Step 1: Nuclear Mass Equation
The mass \( M \) of a nucleus is approximated by the mass number \( A \) multiplied by the mass of a nucleon. This can be expressed as:
\[ M \approx A \cdot m_{\text{nucleon}} \]
Where:
Step 2: Nuclear Volume Equation
The volume \( V \) of a nucleus depends on its radius \( R \). The nuclear radius is described by the empirical formula:
\[ R = R_0 A^{1/3} \]
Here, \( R_0 \) is a constant, approximately \( 1.2 \, \text{fm} \), which is equivalent to \( 1.2 \times 10^{-15} \, \text{m} \).
For a spherical nucleus, the volume \( V \) is calculated as:
\[ V = \frac{4}{3} \pi R^3 \]
By substituting the expression for \( R \), the volume becomes:
\[ V = \frac{4}{3} \pi (R_0 A^{1/3})^3 = \frac{4}{3} \pi R_0^3 A \]
Step 3: Nuclear Density Calculation
Nuclear density \( \rho \) is defined as mass per unit volume:
\[ \rho = \frac{M}{V} \]
Substituting the derived expressions for \( M \) and \( V \) yields:
\[ \rho = \frac{A \cdot m_{\text{nucleon}}}{\frac{4}{3} \pi R_0^3 A} \]
Upon simplification:
\[ \rho = \frac{3 m_{\text{nucleon}}}{4 \pi R_0^3} \]

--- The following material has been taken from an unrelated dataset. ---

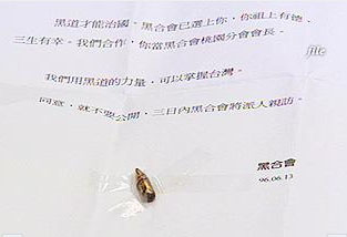 据台湾东森新闻报道,今年6月从桃园寄到“立法院”指名要给“立委”林淑芬等13名“立委”的恐吓信,里面还有附2颗子弹,这个自称“黑合会”的恐吓者就是前云林县调处调查员杨清海,早在7年前他就曾经因为控告前“调查局长”王光宇而声名大噪。
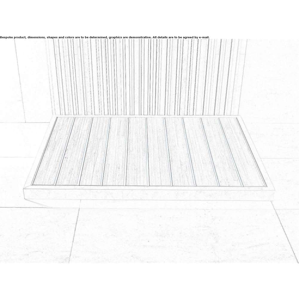 Składa się z listew z drewna tekowego pochodzącego z recyklingu, oprawionych w ramę z kamienia naturalnego: do wyboru Bianco Carrara, Crema d'Orcia, Silk Georgette i Pietra d'Avola.

Step 4: Result and Interpretation
It is observed that the mass number \( A \) cancels out in the final expression for \( \rho \), resulting in a constant value:
\[ \rho = \frac{3 m_{\text{nucleon}}}{4 \pi R_0^3} \]
Consequently, nuclear density is independent of the mass number. This indicates that the density of the nucleus is constant across all isotopes, irrespective of their size or mass number.